This Trinity release goes out under the name "Williamina Fleming".
Look for improvements to command line usage, logging, plugin dogfooding, and a less-crashy (but still experimental) new sync approach.
With each release we like to highlight one of the amazing women from history and present day. Meet [Williamina Fleming](https://en.wikipedia.org/wiki/Williamina_Fleming), a:
> Scottish astronomer. During her career, she helped develop a common designation system for stars and cataloged thousands of stars and other astronomical phenomena. Among several career achievements that advanced astronomy, Fleming is noted for her discovery of the Horsehead Nebula in 1888.
![Williamina portrait](https://upload.wikimedia.org/wikipedia/commons/thumb/7/79/Williamina_Paton_Stevens_Fleming_circa_1890s.jpg/200px-Williamina_Paton_Stevens_Fleming_circa_1890s.jpg)

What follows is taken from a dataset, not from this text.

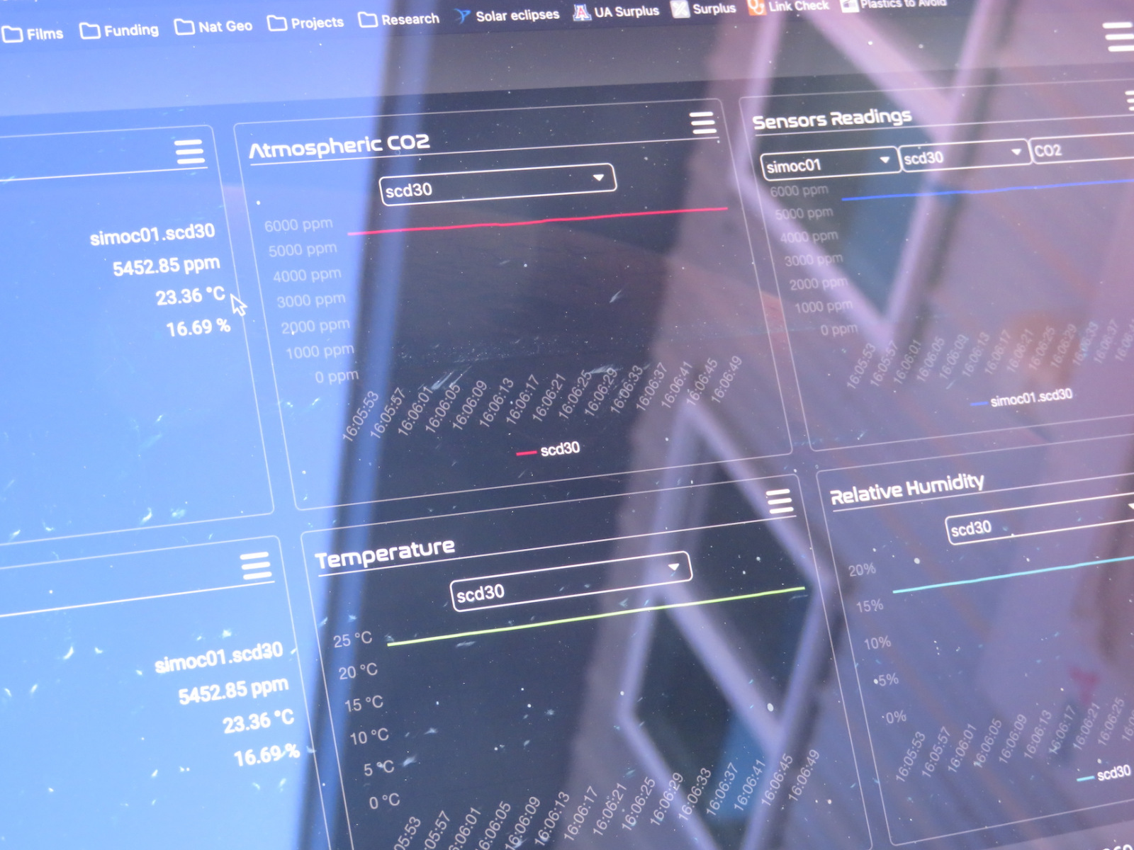 During the runs, Kai and Matthias were station in the Test Module with radio communication with Brendon for coordination, timing, and confirmation of data collection start and stop times. Kai’s laptop held a remote viewing of the data collected by SIMOC Live for CO2, relative humidity, and temperature.

Of special note is `trinity --sync-mode=beam`. Beam Sync now crashes so much less that it's reasonable for adventurous folks to start experimenting with it. Beam Sync downloads just enough state to run the latest blocks, and is currently the best option for executing the latest mainnet blocks with Trinity. Note that the current Beam Sync implementation does eventually fall behind and stop syncing, but there are many options for performance improvement. In the current implementation, Beam Sync can run for a few hundred blocks if you sync against a peer on localhost.